Notes to condensed Consolidated Financial Statements

 

 

 

NOTE 1 - PRINCIPAL BUSINESS ACTIVITY

 

Growth-Resources, Assets, Safety, Stability Qualified Opportunity Zone Fund, Inc. (GRASS QOZF) is a Qualified Opportunity Zone Fund organized as a corporation created under the laws of the State of Nevada, which commenced operation on July 24, 2019. Organized under Internal Revenue Code (IRC) § 1400Z, the Fund is the parent of Revolutionary-Asset Growth, Strategies, Solutions Qualified Opportunity Zone Business, Inc. (RAGSS QOZB). The Fund must invest at least 90% of its assets in Qualified Opportunity Zone property.

 

RAGSS, QOZB, Inc. is a Qualified Opportunity Zone Business (QOZ business) located in Northern Nevada. RAGSS QOZB strategies are to expand and develop existing aviation business, invest in Opportunity Zone Businesses, and provide economic development within a defined Opportunity Zone (OZ), Silver Springs, Reno, and Fernley in Nevada. As a QOZ business, RAGSS plans to manage and operate several other businesses located in the OZ.

 

Samsarg, Inc. is a Qualified Opportunity Zone Business (QOZ business) located in Northern Nevada.
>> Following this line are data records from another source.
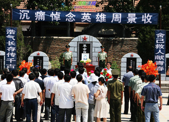 7月2日,定陶籍武警战士周景收的骨灰在战友和亲人的陪伴下回到家乡,安葬在定陶县烈士陵园内。定陶县各界群众300多人自发前来送别。6月26日,周景收在参与解救遇险群众时献出了年仅20岁的生命。周景收生前所在的武警辽宁省总队党委批准其为烈士,追认其为中国共产党正式党员,追记一等功。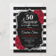 Feminine black, white, red design with faux glitter silver. Features black and white stripes, red roses, script font and confetti. Perfect for an elegant birthday party. Can be personalized to show any age. Message me if you need further customization.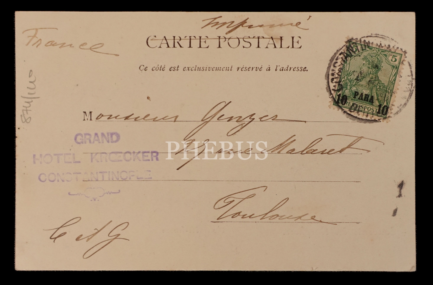 Arka yüzünde, "Grand Hotel Krocker - Constantinople" kaşesi yer almaktadır.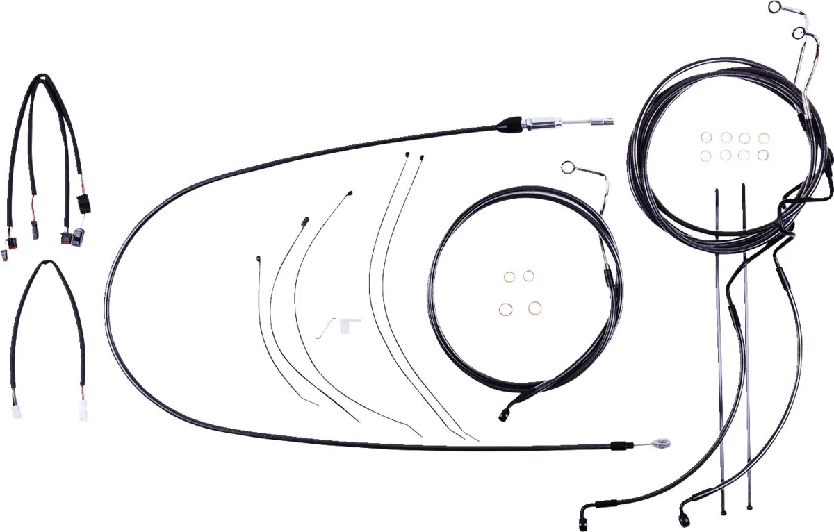 • El kit incluye cables de acelerador y ralentí para extensiones throttle-by-wire, cable de embrague o línea hidráulica, latiguillos de freno, arandelas de cobre, tornillería y el cableado necesario para la extensión de intermitentes, salvo indicación contraria

Samsarg, Inc. is a subsidiary of RAGSS, QOZB and is constructing an aircraft hangar in the Silver Springs, Reno, and Fernley opportunity zone.

 

These financial statements include the results of operations of GRASS QOZF and its affiliates for the period from July 1, 2021, to December 31, 2021, and for the period July 1, 2020, to December 31, 2020.

 

Opportunity Zones are designed to incentivize new equity investments in low-income communities nationwide offering investors incentives related to the tax treatment of capital gains which are dependent on the longevity of an investors’ stake in a qualified opportunity fund. The three core tax incentives are: temporary deferral of inclusion in taxable income, step-up in basis for deferred capital gains reinvested in an opportunity fund, and permanent exclusion from taxable income of capital gains from the sale or exchange of an investment in an opportunity fund if the investment is held for at least 10 years.

 

NOTE 2 - SIGNIFICANT ACCOUNTING POLICIES

 

Basis of Presentation

 

The financial statements have been prepared in accordance with accounting principles generally accepted in the United States of America (“GAAP”), in accordance with the Financial Accounting Standards Board (“FASB”) Accounting Standards Codification (“ASC”) 105, Generally Accepted Accounting Principles.

 

Principles of Consolidation

 

The consolidated financial statements include the accounts of the GRASS QOZF, RAGSS QOZB (a wholly owned subsidiary of GRASS QOZF) and Samsarg, Inc. (a wholly owned subsidiary of RAGSS QOZB). All significant intercompany balances and transactions have been eliminated in consolidation.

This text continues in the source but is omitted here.